Unlike Mordicai Gerstein, Jonah Winter does not attempt to recount the story of Gertrude Stein’s life. His mood is different. He makes an ingenious choice: he invites children to a tea party at 27 rue de Fleurus, Stein’s legendary art-filled apartment in the sixth arrondissement in Paris, just off the Jardin du Luxembourg. There, alongside her guests—including Picasso, Matisse, and Hemingway—children meet Gertrude and Alice B. Toklas, who are both sitting in chairs, staring. (“Not the chairs. Chairs never stare.”) Gently parodic prose spiced with homonym, clang association, irony, nonsense rhyme, digression, and zany rhetoric pull the child into this curious cosmos. Enchanted by Calef Brown’s paintings, with their muted hues reminiscent of Gris’s and Picasso’s cubism, the child even meets Basket, Gertrude’s snooty clipped poodle. Romping from page to page, the text forces the eyes as well as the mind to bounce like rubber balls.

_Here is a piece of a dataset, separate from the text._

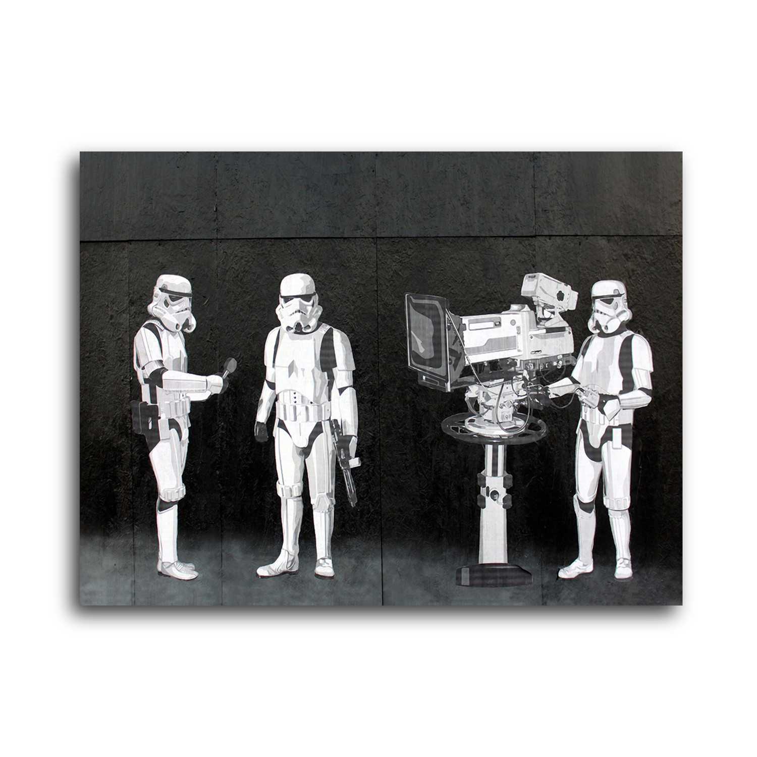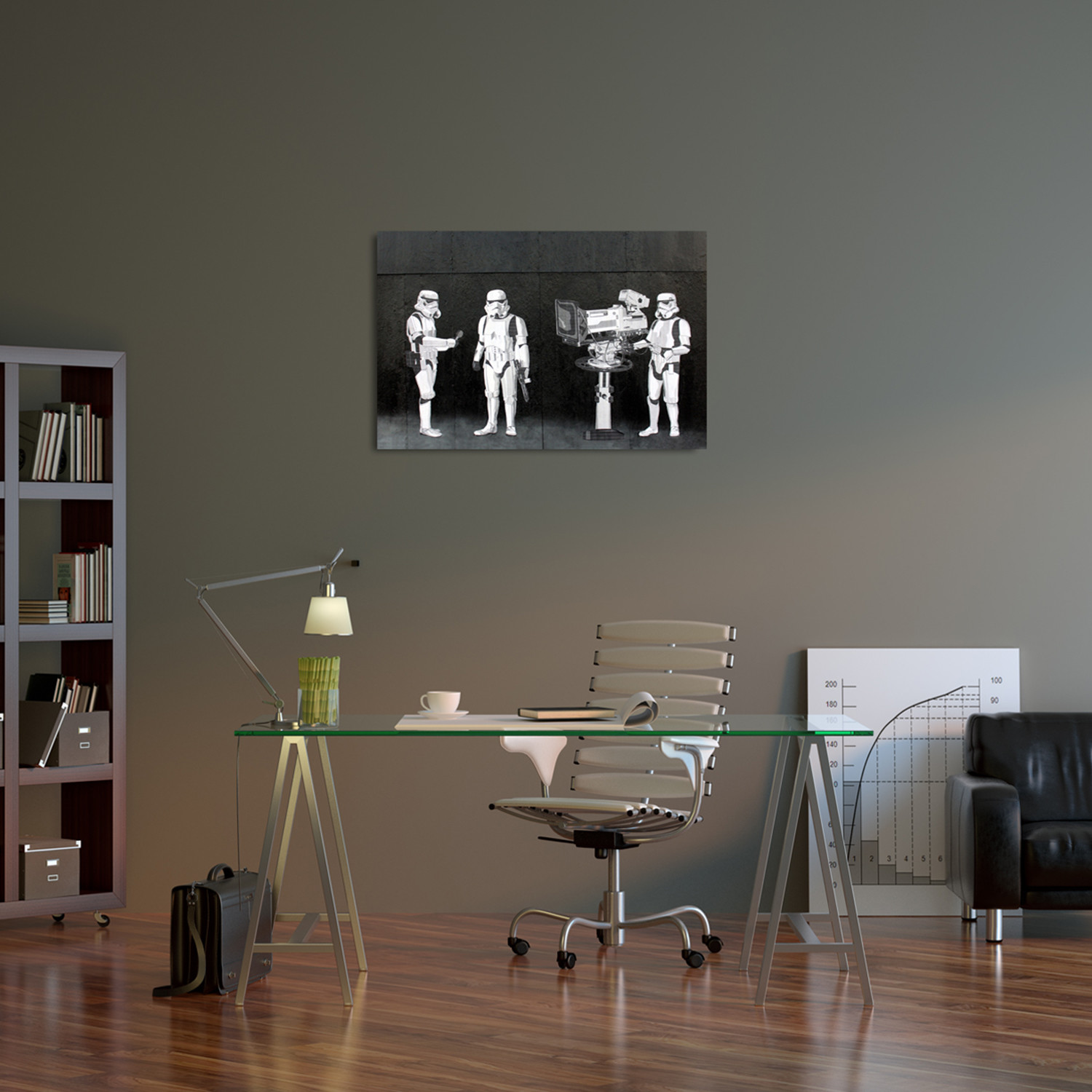 Aluminum is a perfectly smooth surface that reflects the images in high contrast with vibrant colors that pop in striking hi-res detail. These Banksy images are infused into the aluminum and specially coated, making them ultra UV resistant, difficult to scratch, and waterproof. This provides your image with added depth and dimension for a modern look which is finished by its edge-to-edge prints, routed edges and safe corners.The modern and clean look of metal serves as the perfect medium for Banksy's visionary artwork.

Reading this book aloud to a four-and-a-half year old and to several other children, I made the obvious discovery that children are high modernists. They revel in repetition. They delight in Winter’s quasi-parental autocratic admonitions: “But but but but wait a minute… heavens no…no no no no no… More talk. Laugh. Okay. Enough.” At the end of the party, a great disconnected arm (Alice’s, no doubt) reaches out with a long pink index finger and extends, pointing, across the entire page: “Okay time for you to leave… Leave. Go. Out, out, out.” You must leave because Miss Gertrude writes at night while Alice sleeps. Her hand-written words tumble magically across the page into Alice’s typewriter when, the next morning, while Gertrude is sleeping, Alice diligently transcribes them. Earlier, Picasso enters the party, his iconic straight hair falling over his left eye. He looks angry, says the text: “He just invented Modern art which is not the same as being angry but then again maybe it is. Maybe it is and maybe it isn’t. Then again maybe it is. It’s so hard to invent Modern art.” The four-year-old boy I know laughs uproariously at these lines—and his father now asks him routinely whether he is really angry or whether he has just invented Modern art!
Ample Gertrude and slender Alice relate to one another in a complementary way; comfortable and unexceptional, their lesbianism simply a fact, unremarkable and unaccented. What matters supremely in both of these outstanding children’s books is that they enable children to grow aesthetically. And both books teach that significant human relationships have been indispensable to certain great artists and deeply implicated in their path-breaking works of art.
Ellen Handler Spitz is Honors College Professor at the University of Maryland (UMBC). Her forthcoming book, Illuminating Childhood, will be published in early 2011. She writes regularly about children’s literature for The Book.